═════ SUPPLIED MATERIAL ═════
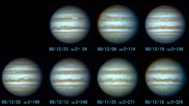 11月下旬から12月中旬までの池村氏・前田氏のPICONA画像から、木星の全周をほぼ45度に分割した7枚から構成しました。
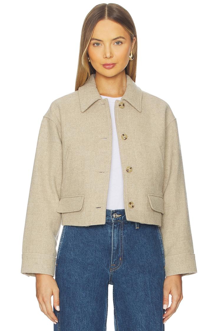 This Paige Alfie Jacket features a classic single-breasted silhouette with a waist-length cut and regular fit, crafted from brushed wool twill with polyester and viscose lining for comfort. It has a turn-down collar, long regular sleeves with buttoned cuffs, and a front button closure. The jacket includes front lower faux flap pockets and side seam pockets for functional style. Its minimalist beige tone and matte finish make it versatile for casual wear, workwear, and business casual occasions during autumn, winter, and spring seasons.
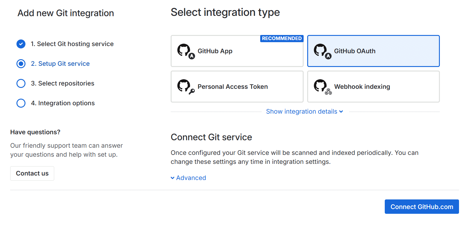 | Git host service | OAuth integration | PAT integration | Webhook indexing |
═════
═════ SUPPLIED MATERIAL ═════
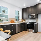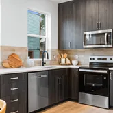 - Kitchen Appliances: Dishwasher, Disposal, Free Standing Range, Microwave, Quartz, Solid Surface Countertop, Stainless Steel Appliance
═════
═════ SUPPLIED MATERIAL ═════
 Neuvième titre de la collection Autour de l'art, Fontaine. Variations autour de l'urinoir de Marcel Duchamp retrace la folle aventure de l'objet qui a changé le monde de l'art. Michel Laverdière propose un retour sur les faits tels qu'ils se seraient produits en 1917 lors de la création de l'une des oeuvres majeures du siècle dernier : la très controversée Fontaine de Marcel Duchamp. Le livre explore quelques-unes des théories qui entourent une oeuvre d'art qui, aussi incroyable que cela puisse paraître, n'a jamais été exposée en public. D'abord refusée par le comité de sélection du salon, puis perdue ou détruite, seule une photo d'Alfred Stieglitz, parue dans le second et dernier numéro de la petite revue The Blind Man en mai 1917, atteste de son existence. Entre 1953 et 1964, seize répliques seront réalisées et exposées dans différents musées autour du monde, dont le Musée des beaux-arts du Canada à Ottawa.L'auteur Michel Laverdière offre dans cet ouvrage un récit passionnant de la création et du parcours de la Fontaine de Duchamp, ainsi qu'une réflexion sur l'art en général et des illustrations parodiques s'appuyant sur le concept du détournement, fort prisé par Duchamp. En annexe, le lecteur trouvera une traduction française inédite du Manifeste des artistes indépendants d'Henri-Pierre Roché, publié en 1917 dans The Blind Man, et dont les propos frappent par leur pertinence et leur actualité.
═════
EXERCISE DETAILS ▸ In the data above, the stretch from the line with "This Paige Alfie" through the line with "Webhook indexing |" is to be returned exactly, minus any pictures.

YOUR SOLUTION ▸
 This Paige Alfie Jacket features a classic single-breasted silhouette with a waist-length cut and regular fit, crafted from brushed wool twill with polyester and viscose lining for comfort. It has a turn-down collar, long regular sleeves with buttoned cuffs, and a front button closure. The jacket includes front lower faux flap pockets and side seam pockets for functional style. Its minimalist beige tone and matte finish make it versatile for casual wear, workwear, and business casual occasions during autumn, winter, and spring seasons.
 | Git host service | OAuth integration | PAT integration | Webhook indexing |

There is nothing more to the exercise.